# Thoughts on investing on a vacation home in Florida?



## winterstorm35 (24 Mar 2015)

I'm thinking about buying a property in Florida to rent out as an income property and to use as my own personal use. Anyone else has done this?


----------



## FJAG (25 Mar 2015)

I looked at this seriously during the big crash a few years ago and decided against it.

In my case one of the key factors was my age. Simply put, since I'm older, it would be cheaper to rent vacation facilities rather than own them. For a younger person with a longer pay back period it may be different. In addition I already owned a Class A motorhome and I enjoy the freedom of being able to move around to different areas from year to year rather than being tied down to one neighbourhood which could easily deteriorate as so many here have already done. (I'm actually in the Kissimmee/Orlando area of Florida at the present time)

Home prices are going up again but they are still reasonable here. The change in our dollar over the last year, however, has seriously eroded any advantage in price that was here as recently as a year ago.

There is also a glut of vacation home properties on the market. Many Brits and Canadians have bought homes here, especially before the big crash, and are attempting to divest. You'll find many neighbourhoods here where there are very few owner/occupiers and many absentee owners - add to that houses abandoned by their owners during the crash - makes for spooky streets. 

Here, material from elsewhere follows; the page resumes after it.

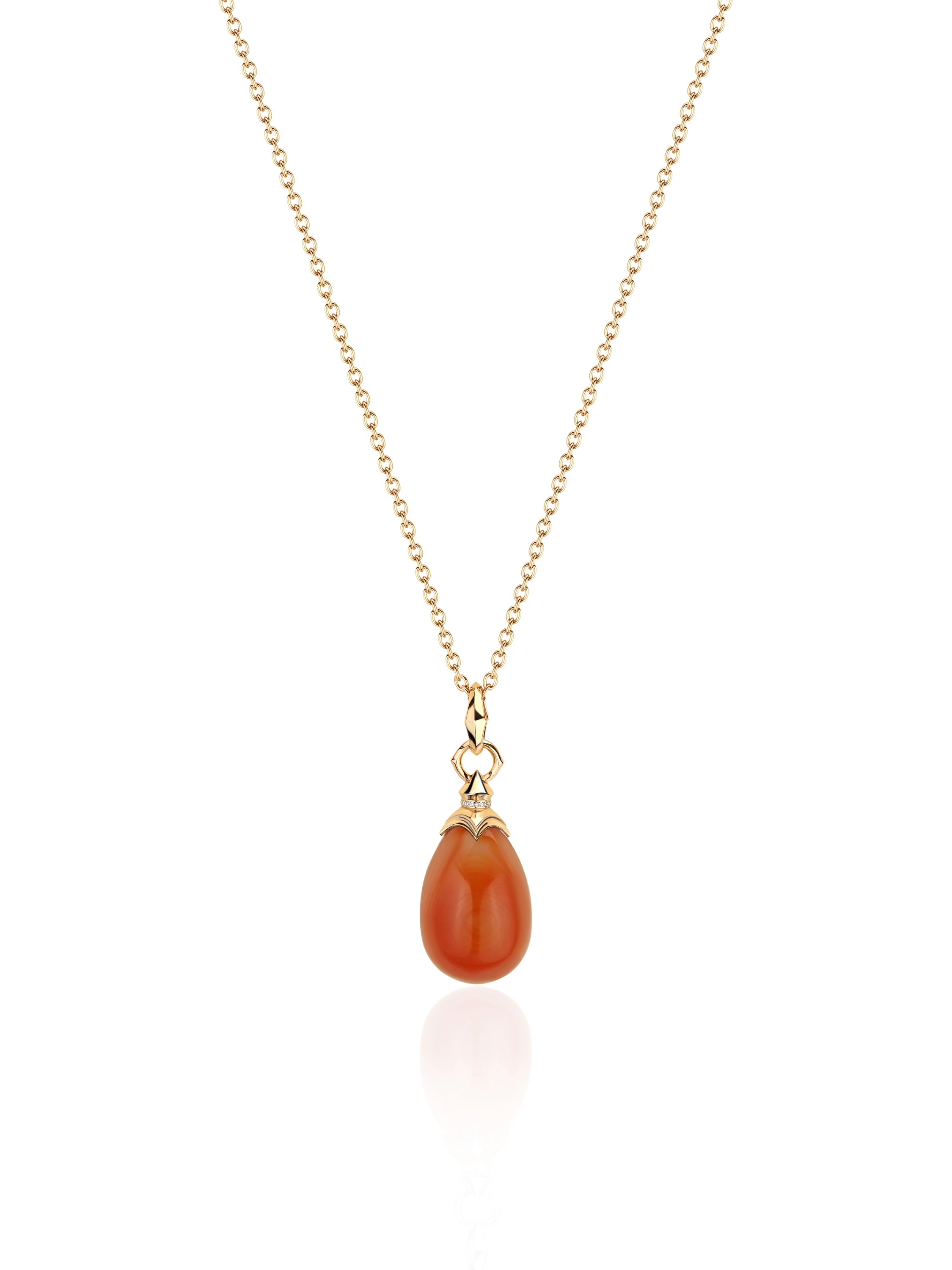 Gold-plated silver necklace with a carnelian agate pendant weighing 16.24 g and cubic zirconia.

If you do decide to go this way you'll need to do some serious research vis a vis property/school taxes (which vary by county etc and many have higher rates for foreign owners) IRS rules on residency (which may draw you into various parts of the US tax system) insurance for rental properties; management services, cleaning services, annual pest control (termites are big down here) pool maintenance, lawn maintenance,  etc. After I ran all the numbers I concluded that the transaction just didn't make enough economic sense for me. (Again the numbers may work better for you if you run it longer term)

 :cheers:


----------



## PPCLI Guy (25 Mar 2015)

I have looked at it as well.  I can rent a nice 3 bedroom place in my preferred locale (Passe-A-Grille Beach near St Petersburg) for 3-4K per month in the winter months.  As I will only be there for 3-4 months of the year (once I retire of course), like FJAG, I have concluded that renting is the way to go.  If you buy a place in Passe-A-Grille, perhaps I can be your renter!


----------



## cupper (25 Mar 2015)

I have two business contacts that both own properties in Florida that they use as vacation homes for several weeks of the year and rent out for the rest. 

One lives and works on Cape Cod, the other in outside NYC. They both have not so favorable opinions, and several horror stories. And both took quite a beating when the market collapsed in 2008, one of which had to set his 5 year retirement horizon back a few years (he is only now back to looking at a short horizon of less than 5 years).

These two don't have the additional issues related to non-resident alien ownership which you would have.

I would suggest finding a consultant or independent real estate investment expert who can give you a full assessment as to what you would be getting into before you make a final decision. It would be money well spent.


----------